En attendant, je rappelle que le site de cette association propose de nombreux comptes rendus et notes de lecture, notamment concernant les livres corses. Grâces leurs soient rendues. Rien que lors du dernier café littéraire à Macinaghju :
- "Genitori" (éditions Presses Littéraires) de Stefanu Cesari, par Marie-France (Je suis en train de le lire)
- "Teuf 2 Slam" (éditions A Fior di Carta) de V. Fondacci, par elle-même
- "Pépé l'anguille" (éditions Fédérop) de Sebastianu Dalzeto (traduit par François-Michel Durazzo), par Sébastien (je reconnais Sébastien Quenot sur la photo !) (Je suis en train de le lire : quelle puissance émotionnelle, même en français !)
- "Ô Corse, île d'humour" (éditions Le Cherche Midi) d'André Santini et Pierre Dottelonde, par Silke
- "Chronique des dômes" (éditions Clémentine) de Marie-Hélène Ferrari, par Pierre-Louis (Je l'ai, il faudrait que je m'y plonge !)

3. Et voilà...

Comment ça fonctionne ici (4)

Comme promis dans un précédent billet (je ne sais plus lequel), voici quelques lignes publiées par l'auteur de "Lettre à un otage", dans la revue "Harper's Bazaar", en avril 1941. Il y évoque les livres qui lui ont laissé un souvenir particulier... L'article est intitulé, "Quelques livres dans ma mémoire". C'est l'occasion pour moi de rappeler que sur ce blog chacun peut parler de "souvenirs de lecture"... Nous ne sommes pas obligés, ici, de proposer une vision claire et distincte du livre évoqué, car il s'agit aussi de voir comment la littérature corse laisse des traces.

(...)
En pensant à ces livres, qui, sans conteste, ont profondément influencé ma vie, je me souviens tout à coup de mon "Histoire magique". Celle-ci n'est pas tirée d'un livre, mais du souvenir d'une lecture, au sens le plus machinal du terme : un souvenir d'enfance éveillé au cours de circonstances bizarres, dans une contrée reculée de la planète.
Il y a quelques années, mon avion s'est écrasé au Guatemala.

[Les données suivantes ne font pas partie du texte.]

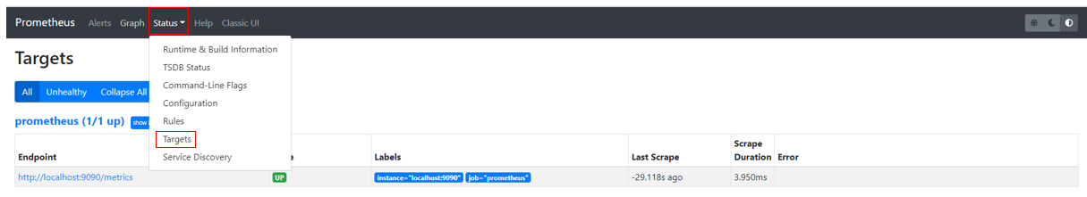 - [Status] > [Targets] : 어떤 Exporter를 수집하고 있는 지 대상(Targets)을 확인할 수 있다.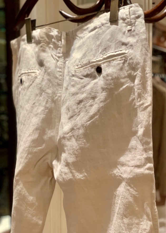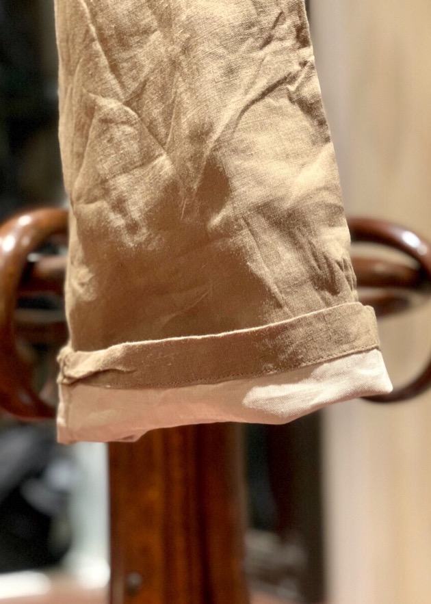 ラミーのやや光沢感ある生地を表にし、ソフトなタッチのリネンを裏に使う事で上品さ・履き心地が何よりも素晴らしい仕上がりです。

Je suis resté longtemps dans le coma ; un état des plus désagréables, car on ne revient pas à la vie d'un seul coup ; on se réveille lentement, avec la sensation de remonter en flottant vers le monde extérieur, à travers une atmosphère épaisse et gluante. Malgré d'épuisants efforts, tant physiques que mentaux, j'étais incapable de m'extraire du monde du rêve. Je me souviens de m'être réveillé une nuit, ayant laissé glisser draps et couvertures. Au Guatemala, à cause de la haute altitude, les nuits sont très froides. Souffrant de huit fractures, je ne pouvais atteindre les couvertures. J'appelais donc mon infirmière, la suppliant de vite m'envelopper dans "la toile souveraine", persuadé que si elle n'agissait pas immédiatement, j'allais mourir.
- Mais nous n'avons pas, dit l'infirmière. Nous n'avons pas de "toile souveraine".
Mes pensées étaient confuses. J'essayais d'évoquer la façon dont on fait un lit. Je me disais : Voyons, à l'armée, je faisais mon propre lit, comment m'y prenais-je... ? Un drap allait en dessous, un autre au-dessus... Non, il n'y en avait pas un troisième. L'infirmière avait raison. C'est avec peine et regret que j'abandonnais l'idée de la "toile souveraine".
Avec le temps, j'oubliai complètement l'incident. Puis un beau jour, je me suis retrouvé à Lyon, où j'avais passé une année de mon enfance. Ma famille m'emmenait tous les dimanches à la messe à Fourvière, une basilique construite sur une colline dominant la ville, et que l'on atteint par funiculaire. Je décidai d'y faire une promenade sentimentale. À l'arrivée, je m'aperçus que l'on prenait toujours son billet à la sortie du tunnel, avant de passer par un portillon automatique. Je pris ma place dans la queue derrière une vingtaine de personnes. Nous avançions lentement, et mes regards se portèrent à ma gauche, vers un mur tapissé d'affiches. C'étaient les mêmes affiches publicitaires que quarante ans auparavant, mais à présent noircies par la fumée et à demi effacées. Je les déchiffrais distraitement quand mon coeur fit un bond. C'était donc ça ! "La toile du Bon Secours, souveraine pour les plaies et les brûlures." Ils étaient là, les draps qui pouvaient calmer, guérir les blessures, et dont je m'étais souvenu sur mon lit d'hôpital au Guatemala ! À l'âge de cinq ans, j'avais sans doute été profondément impressionné par cette "toile souveraine pour les plaies et les blessures". Cette même affiche, pensais-je, devait aussi être à l'origine d'une phrase utilisée par moi dans "Terre des Hommes", quand je dis à Guillaumet : "Le soir même, en avion, je te ramenais à Mendoza où des draps balncs coulaient sur toi comme un baume." Souvenir des draps magiques qui pouvaient guérir les blessures... Souvenir de cette vieille affiche du petit tunnel de Fourvière, niché dans un coin sombre de ma mémoire pendant près de trente ans.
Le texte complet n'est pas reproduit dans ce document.